Lo primero que se me ocurre es comenzar a redactar una especie de diario donde recoger todos los pormenores que vayan ocurriendo durante el confinamiento, relatados de una manera fiel, esto es, llamando en todo momento a las cosas por su nombre y apellidos. Ello, no solo me servirá como terapia, sino también, y principalmente, como una herramienta válida ante cualquier otra catástrofe que pueda presentarse.
Lógicamente, comenzaré desde la fecha del 30 de enero de 2019, fecha en la que se produce el primer aviso serio de lo que hoy significa la guerra contra el coronavirus (COVID-19).
En efecto, nos remontaremos necesariamente a la fecha del 31 de enero, cuando quedaba confirmado por el Centro Nacional de Microbiología del primer caso de coronavirus en la isla canaria de La Gomera. A miles de kilómetros de distancia, en China, ya se estaba librando una dura batalla contra la enfermedad, quedando confinada la provincia de Hubei. La práctica totalidad de los medios de comunicación, especialmente los conocidos tertulianos y tertulianas televisivos de “a tanto la palabra”, llevaban días informando del virus que prendía como la pólvora en el pueblo chino – menos mal que no se trataba de Venezuela o Cuba -, pero en Europa, en España, estaba todo perfectamente controlado.
Claro que el gobierno y la oposición lo sabían, pero primaba la precampaña electoral del País Vasco y Galicia, cuyas elecciones habían quedado convocadas para el 5 de abril de 2020.
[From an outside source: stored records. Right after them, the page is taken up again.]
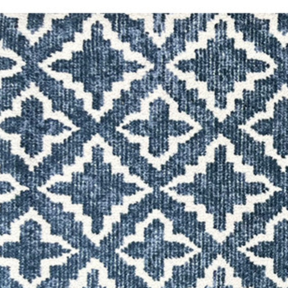 Add great coloration and comfortable texture to your space with this 2' x 6' navy blue moroccan machine tufted runner rug with uv protection. This runner shaped rug features a moroccan design in navy blue to give it visual interest. A classic shape marries with good looking design for your space Ideal for spaces with kids and pets, this rug is stain resistant to help repel stains and spilled liquids. Area Rugs help to give warmth and sense of home to your space. 0.25" H x 27.5" W x 75" D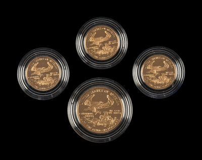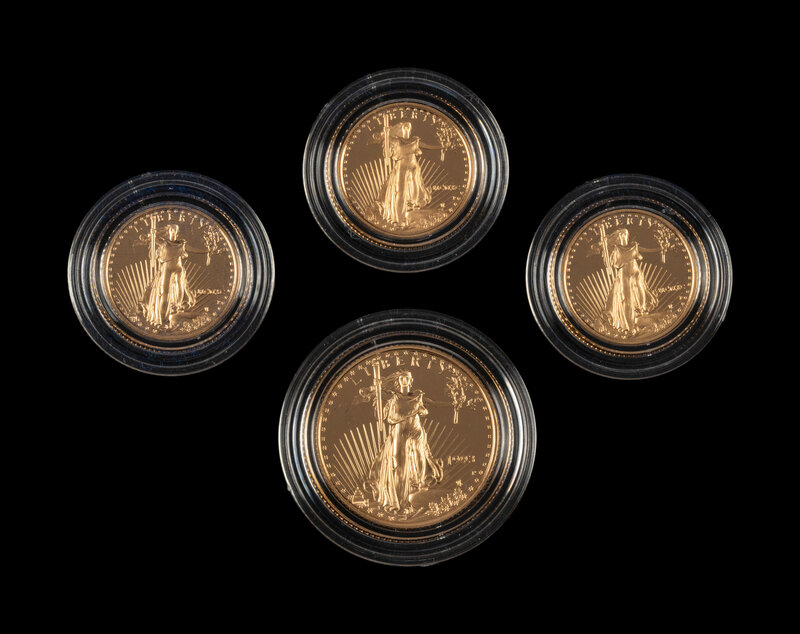 comprising a 1993 $10 1/4 oz. and three 1990 $5 1/10 oz. examples, each having a mint issued display booklet, certificate of authenticity and box.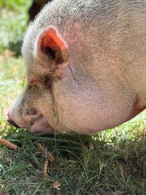 Jethro the pig came from Pasadena. Someone reported a husky in a parked car, and when the rescuers retrieved the husky, they found a very obese Jethro in the car as well. Pigs are susceptible to fat blindness, Cole explained, but he is now down to a good weight, and he is content in his new life outdoors in the breezes with a pair of sister pigs, Hannah and Phylis. Jethro doesn’t wallow like most pigs, rolling about in the mud. Having gotten used to being in a car, Jethro, Cole said, isn’t a fan of getting dirty. Since mud protects pigs’ skin from the sun, Jethro gets sunscreen treatments instead.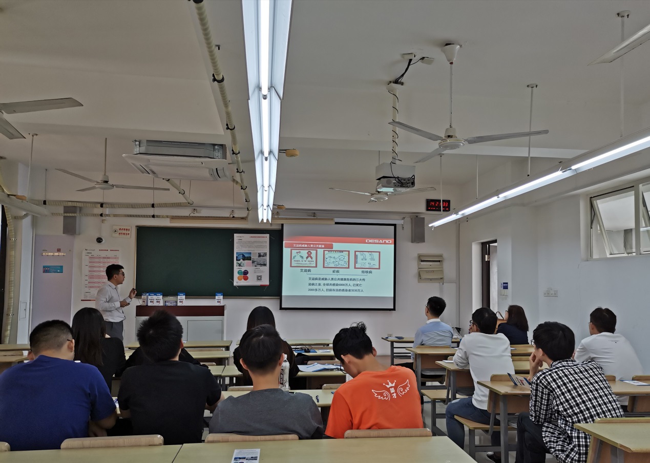 在宣讲会中,主讲人从企业概述、企业文化、校招岗位及流程等方面向我们展现了公司的实力与人才需求。迪赛诺专注于抗艾滋病药剂的研制,获得多个国家级奖项,其原料占全球非专利药市场的33%,为全球最大的抗艾滋病药物原料供应商;抗艾滋病药物制剂超过国内市场的50%,为国内主要抗艾滋病药物制剂供应商。该公司始终致力于人类健康事业的使命,助艾滋病从原本无力回天的绝症逐渐转变为慢性病。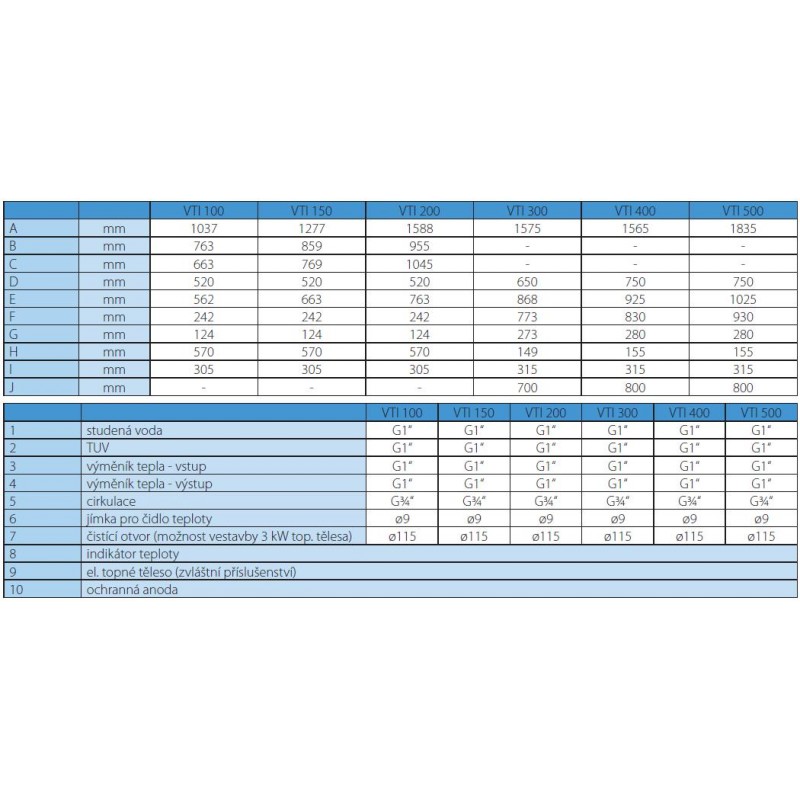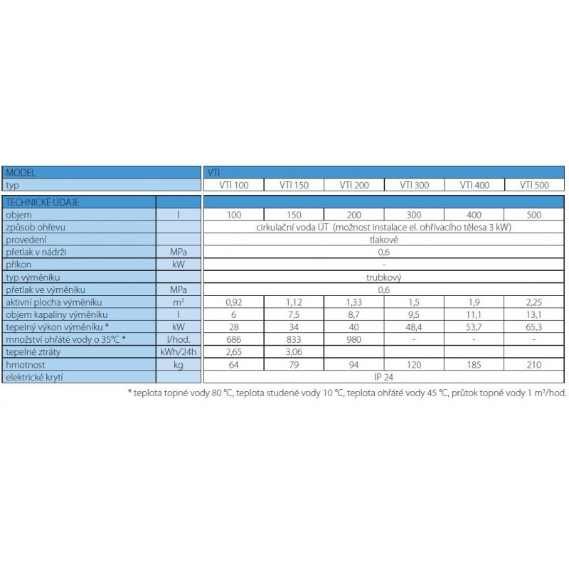 Ohřívače vody typu VTI jsou univerzální akumulační tlakové ohřívače s nepřímým ohřevem vody vhodné pro stacionární kotle ústředního vytápění. Díky vysokému výkonu a ekonomickému provozu jsou efektivně využitelné zejména při vysokém odběru teplé vody, přičemž na ně může být napojeno několik odběrných míst teplé vody ve více podlažích. Vysoký komfort přípravy teplé vody je zabezpečený rychlým a rovnoměrným ohřevem velkými vyhřívacími plochami. Nádrž ohřívačů je vyrobená z ocelového plechu, který je smaltovaný při teplotě 850°C, čímž společně s anodovou ochranou dosahuje vysoké odolnosti vůči korozi. Ohřev vody tepelnými výměníky sahajícími až ke dnu nádrže ohřívače zabraňuje vzniku kritických studených zón s choroboplodnými zárodky. Vývody z výměníku tepla jsou umístěné v zadní části a vývod teplé vody v horní části ohřívačů, což umožňuje jejich jednoduché připojení ke stacionárním kotlům ústředního vytápění. Ohřívače mají otvor určený k montáži snímače termostatu a v přední časti čistící přírubu pod plastovým krytem, kde je možné navíc nainstalovat přírubu s elektrickým ohřívacím tělesem s příkonem 3000 W.

El día anterior, 30 de enero, en una reunión técnica que tuvo lugar en el ministerio de Sanidad, uno de los expertos en Salud Pública de la Organización Médica Colegial (Juan Martínez Hernández) alertaba al gobierno sobre los grandes peligros que suponía la presencia del coronavirus que podía ocasionar infecciones graves y mortales y contra los que no había todavía ni vacuna ni tratamiento, pero la mayoría de los expertos, entre los que se encontraba el director del Centro de Control de Alertas y Emergencias de Sanidad, Fernando Simón, desoyeron las alertas expuestas y decidieron quitarle importancia. Es decir, el gobierno tenía datos, lo sabía, pero, quizás pensando más en el perjuicio que esto podía suponer para la economía impuso la inacción. Hoy se sabe que, el Consejo Superior de Investigaciones Científicas (CSIC), la agencia estatal de investigación adscrita al Ministerio de Ciencia e Innovación, advirtió al Gobierno “desde el primer momento” de la “gravedad” del brote de coronavirus, pero el gobierno de España no decretó el Estado de Alarma hasta el día 14, cuando la cifra de muertos por el Covid-19 se elevaba entonces a 136.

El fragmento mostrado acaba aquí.